Records supplied Block Start

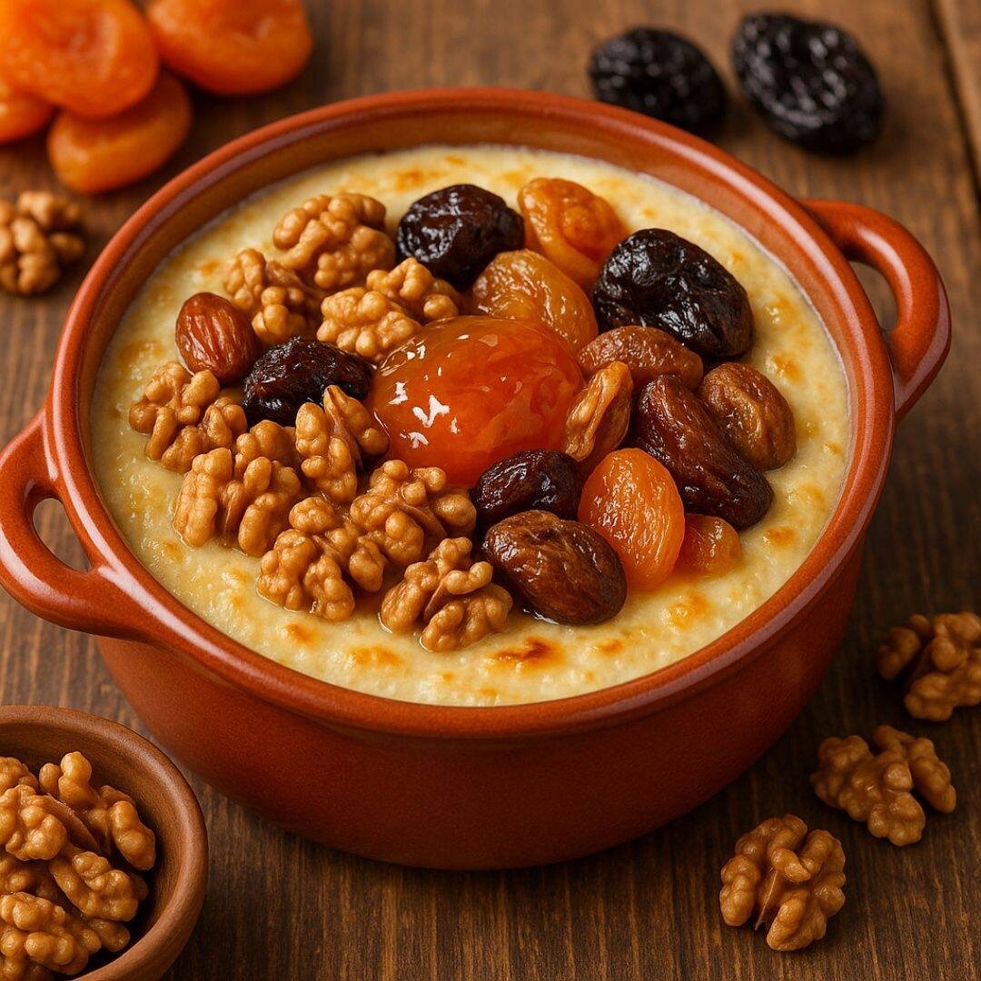 3. Приготовление и сборка: В оставшемся молоке, доведённом до кипения с добавлением соли, всыпьте манную крупу, интенсивно размешивая. Выложите кашу в глиняный горшок, переслаивая её с орехами, сухофруктами и пенками. Последний слой должен состоять из пенок и орехов.
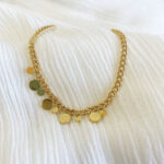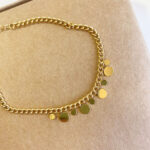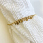 Ce bracelet doré sera un intemportel de votre garde-robe. Délicatement ornés de petites breloques rondes suspendus au centre du bracelet, il habillera votre poignet avec délicatesse.
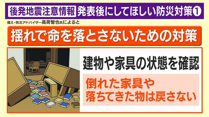 次に「いつでも大きな揺れが来る可能性がありますよ」という状況が今後1週間続きますので、「今、自分が座っているところに倒れてくる物がないか、落ちてくる物がないか」そういった生活スペースを確認して、安全な空間にしておくというのが、今やっていただきたいことです。
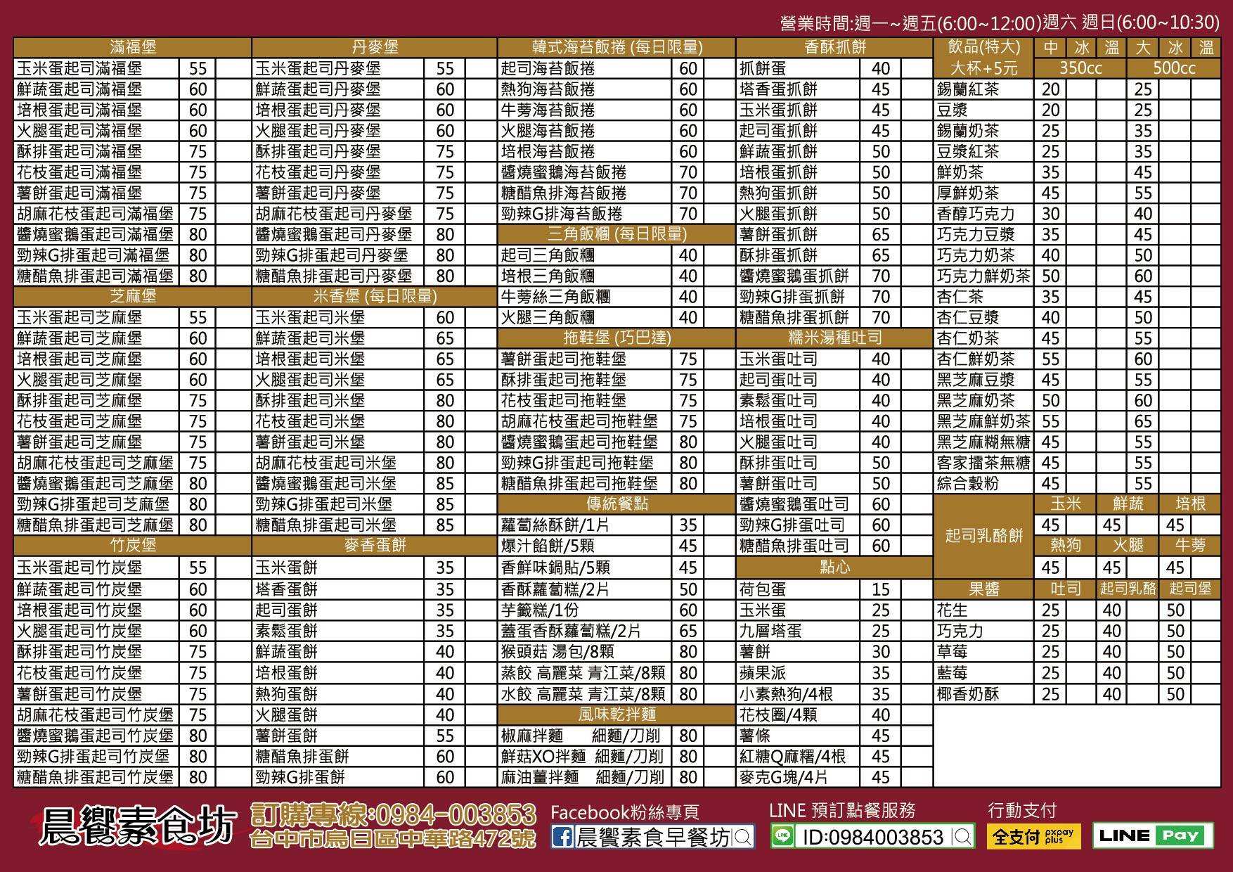 菜單取自臉書,看上去餐點十分多樣化,有各式堡/飲品/吐司/蛋餅/點心等,各種傳統餐點與特色餐點也可打電話跟Line預訂。
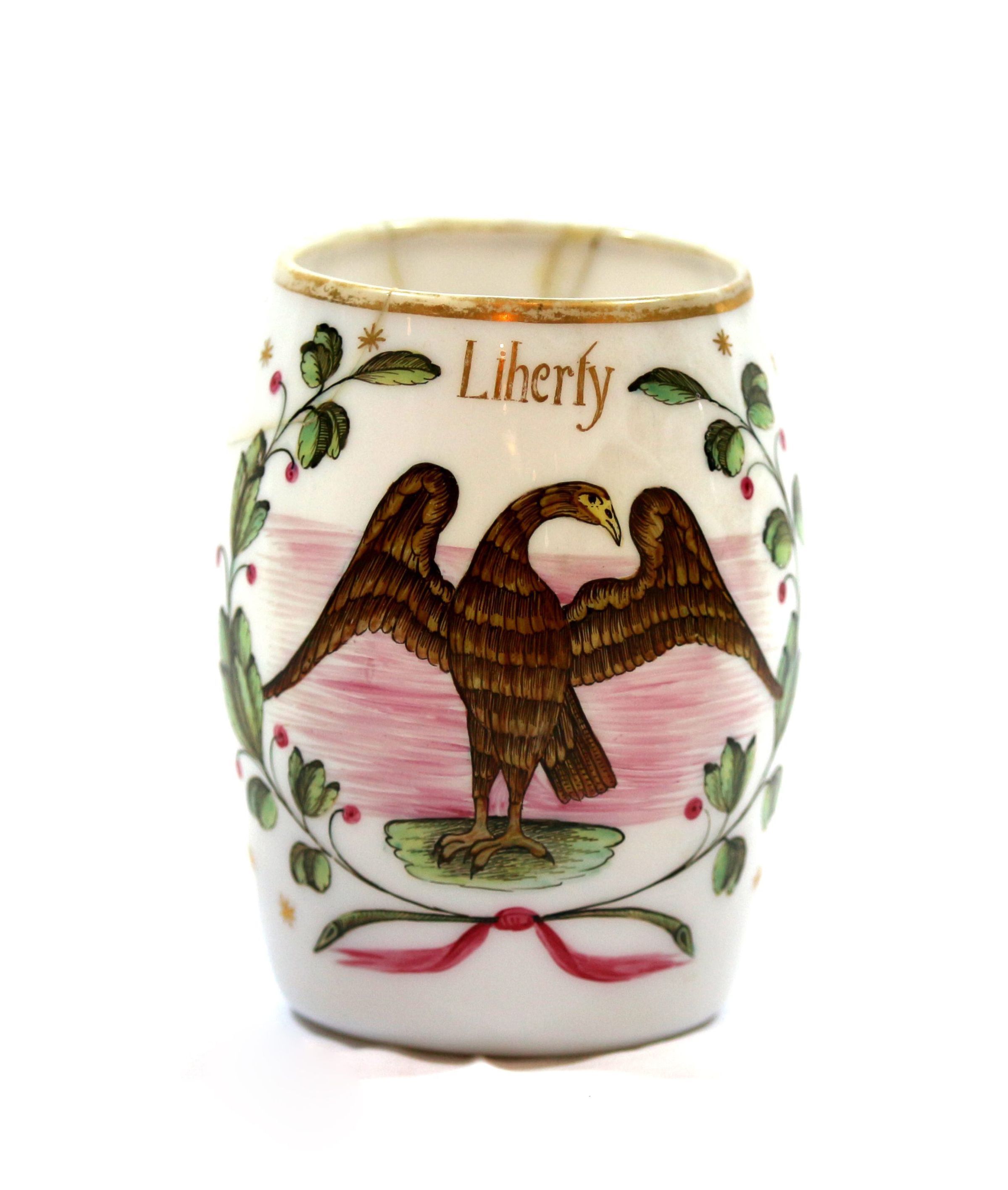 Mug. White handblown glass, C-shaped handle on one side. Handpainted design: "Liberty" at top, eagle in center of laurel wreath with small gold stars. 4.75"h x 4.5'w x 3.5"d.Acquisition
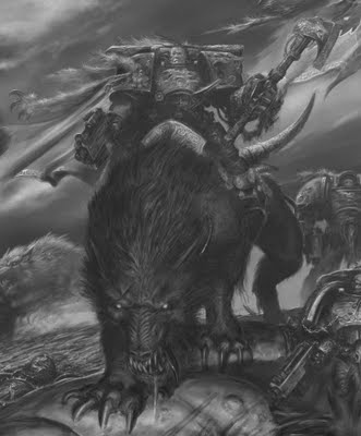 History: He has raged across the battlefields of the 41st millenium hoping for the glorious death in battle that has awaited him these long years, he avenged the former members of his thunderwolf cavalry pack along time ago and rides into battle astride his massive thunderwolf and old friend: Bloodmaw. His pack was decimated by fanatic worshipers of slaanesh when they detonated a massive explosive as his pack cut through them, only he survived and he and his cybernetically repaired friend have become almost a legend in that noone can kill them, his hands brought down a bio titan of the tyranid horde as it was approching a settlement of the imperium and then he dissapeared, the near victems of the monstrosity unable to laud their saviour, he now travels in a borrowed transporter of his Ordo Malleus allies strapped into the core of Bloodmaws robotic frame he dances a bloody crusade across the galaxy.
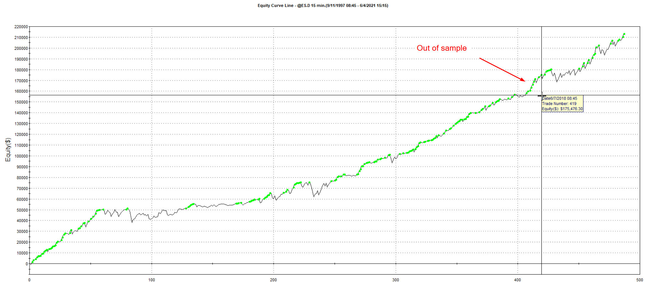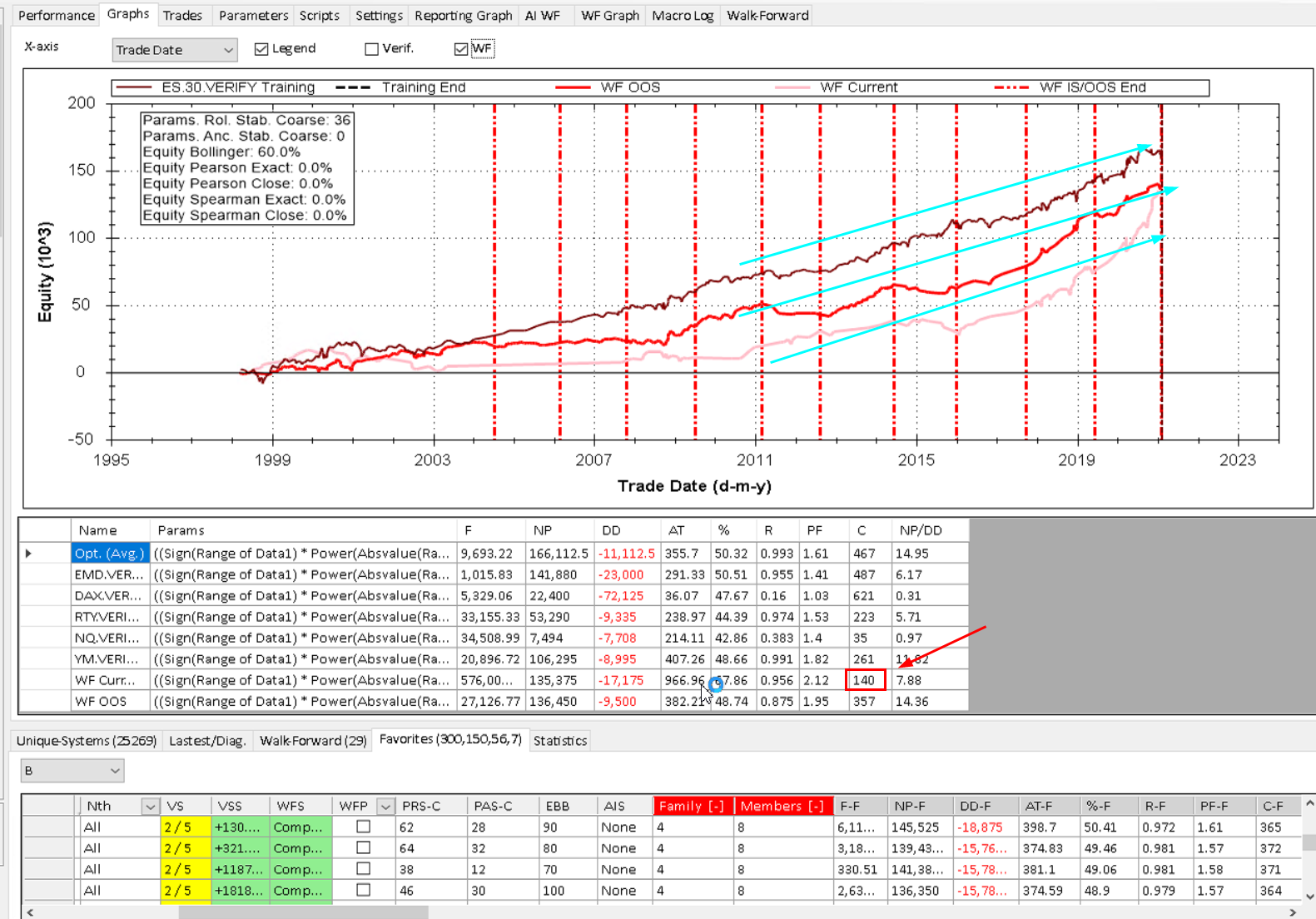 The average walk-forward out of sample was $203867.5 (zero slippage). This is a WF of all members of the same family. (A family is the identical system, but with different parameters)

Records supplied Block End

Work order: Excluding the pictures, output every entry above without alteration.

Problem solution:
 3. Приготовление и сборка: В оставшемся молоке, доведённом до кипения с добавлением соли, всыпьте манную крупу, интенсивно размешивая. Выложите кашу в глиняный горшок, переслаивая её с орехами, сухофруктами и пенками. Последний слой должен состоять из пенок и орехов.
 Ce bracelet doré sera un intemportel de votre garde-robe. Délicatement ornés de petites breloques rondes suspendus au centre du bracelet, il habillera votre poignet avec délicatesse.
 次に「いつでも大きな揺れが来る可能性がありますよ」という状況が今後1週間続きますので、「今、自分が座っているところに倒れてくる物がないか、落ちてくる物がないか」そういった生活スペースを確認して、安全な空間にしておくというのが、今やっていただきたいことです。
 菜單取自臉書,看上去餐點十分多樣化,有各式堡/飲品/吐司/蛋餅/點心等,各種傳統餐點與特色餐點也可打電話跟Line預訂。
 Mug. White handblown glass, C-shaped handle on one side. Handpainted design: "Liberty" at top, eagle in center of laurel wreath with small gold stars. 4.75"h x 4.5'w x 3.5"d.Acquisition
 History: He has raged across the battlefields of the 41st millenium hoping for the glorious death in battle that has awaited him these long years, he avenged the former members of his thunderwolf cavalry pack along time ago and rides into battle astride his massive thunderwolf and old friend: Bloodmaw. His pack was decimated by fanatic worshipers of slaanesh when they detonated a massive explosive as his pack cut through them, only he survived and he and his cybernetically repaired friend have become almost a legend in that noone can kill them, his hands brought down a bio titan of the tyranid horde as it was approching a settlement of the imperium and then he dissapeared, the near victems of the monstrosity unable to laud their saviour, he now travels in a borrowed transporter of his Ordo Malleus allies strapped into the core of Bloodmaws robotic frame he dances a bloody crusade across the galaxy.
 The average walk-forward out of sample was $203867.5 (zero slippage). This is a WF of all members of the same family. (A family is the identical system, but with different parameters)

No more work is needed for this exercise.